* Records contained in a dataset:
/---

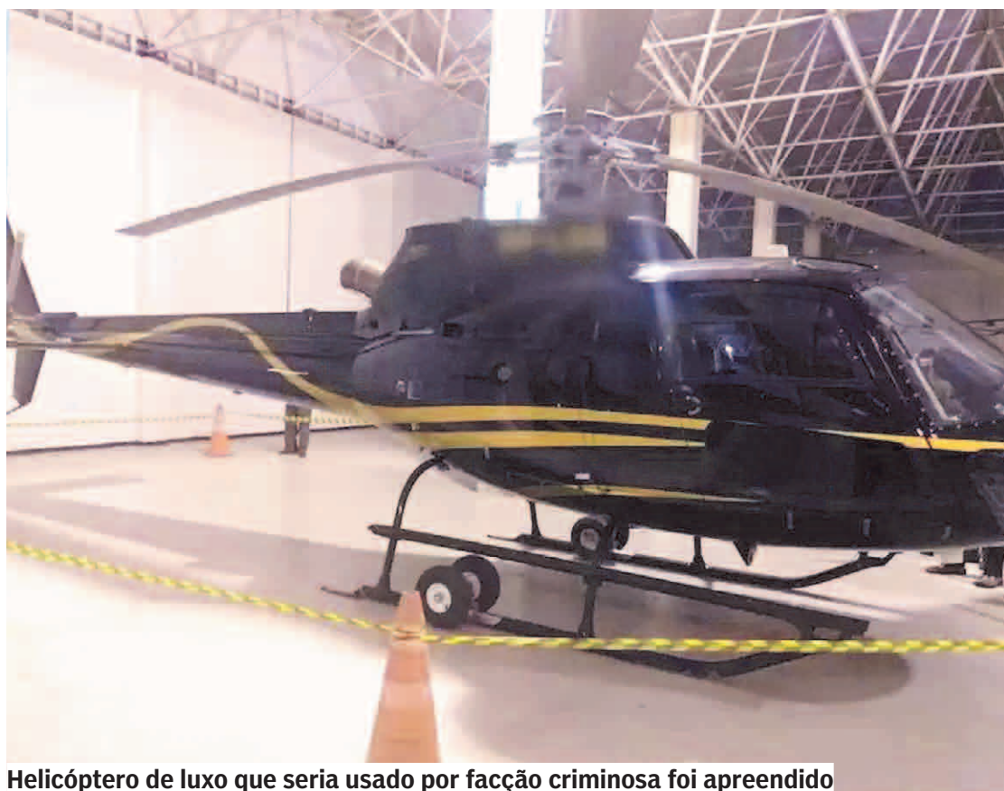
Helicóptero de luxo que seria usado por facção criminosa foi apreendido

Em outubro de 2019, a Polícia Civil promoveu duas ações de combate ao tráfico que representaram um grande avanço no enfrentamento ao crime organizado no interior do Estado. As ações de campo, resultado de longos serviços de investigação, ocorreram nas cidades de Sumaré, Americana, Jundiá, Sorocaba e Birigui e foram coordenadas pela 2ª Delegacia Seccional de Campinas e pela Dise de Americana.
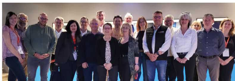
Présidents, administrateurs, secrétaires généraux et collaborateurs des Pays de la Loire.

Une délégation des Pays de la Loire et de ses départements (photo ci-dessous) s'est rendue à Paris pour assister à l'assemblée générale et au congrès de la CAPEB, les 11 au 12 avril derniers. Le débat consacré à l'attractivité des métiers du bâtiment, en présence de trois membres du gouvernement, a constitué l'un des temps forts du congrès, témoignant de l'engagement des pouvoirs publics en faveur de ce secteur clé.
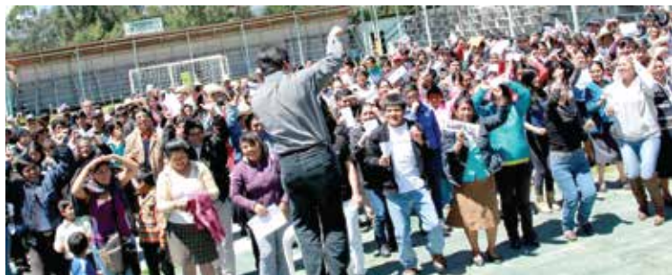
Encuentro de Uniones de Crédito y Ahorro (UNICA), en el marco de cierre del proyecto.
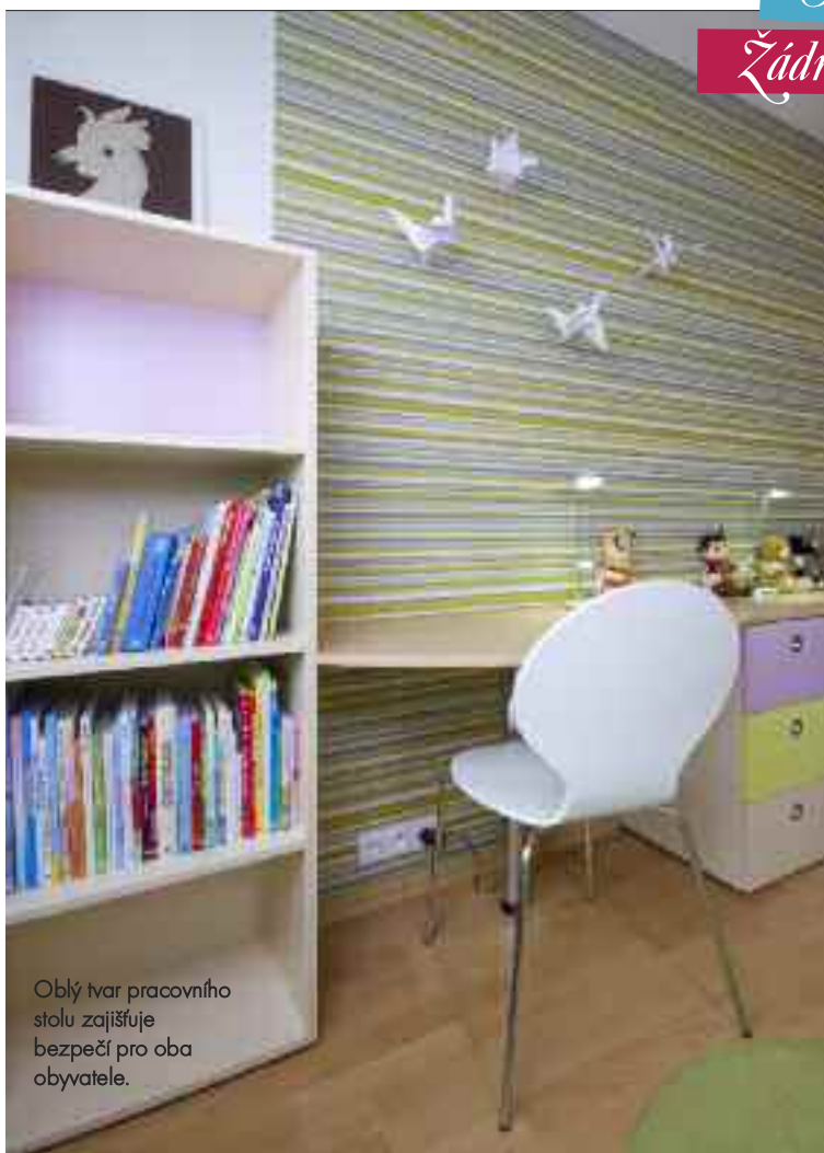
Oblý tvar pracovního stolu zajišťuje bezpečí pro oba obyvatele.

Obě děti mají rovnocenný prostor. Žádné z dětí nesmí být „v nevýhodě“.
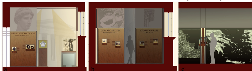
Antiquarium: a. sala culto poliade, b. sala culto pre-ellenico, c. dettaglio vetrina

\---

* Exercise aim: Leaving the pictures out, write out every entry exactly.

* Exercise answer:
Helicóptero de luxo que seria usado por facção criminosa foi apreendido

Em outubro de 2019, a Polícia Civil promoveu duas ações de combate ao tráfico que representaram um grande avanço no enfrentamento ao crime organizado no interior do Estado. As ações de campo, resultado de longos serviços de investigação, ocorreram nas cidades de Sumaré, Americana, Jundiá, Sorocaba e Birigui e foram coordenadas pela 2ª Delegacia Seccional de Campinas e pela Dise de Americana.
Présidents, administrateurs, secrétaires généraux et collaborateurs des Pays de la Loire.

Une délégation des Pays de la Loire et de ses départements (photo ci-dessous) s'est rendue à Paris pour assister à l'assemblée générale et au congrès de la CAPEB, les 11 au 12 avril derniers. Le débat consacré à l'attractivité des métiers du bâtiment, en présence de trois membres du gouvernement, a constitué l'un des temps forts du congrès, témoignant de l'engagement des pouvoirs publics en faveur de ce secteur clé.
Encuentro de Uniones de Crédito y Ahorro (UNICA), en el marco de cierre del proyecto.
Oblý tvar pracovního stolu zajišťuje bezpečí pro oba obyvatele.

Obě děti mají rovnocenný prostor. Žádné z dětí nesmí být „v nevýhodě“.
Antiquarium: a. sala culto poliade, b. sala culto pre-ellenico, c. dettaglio vetrina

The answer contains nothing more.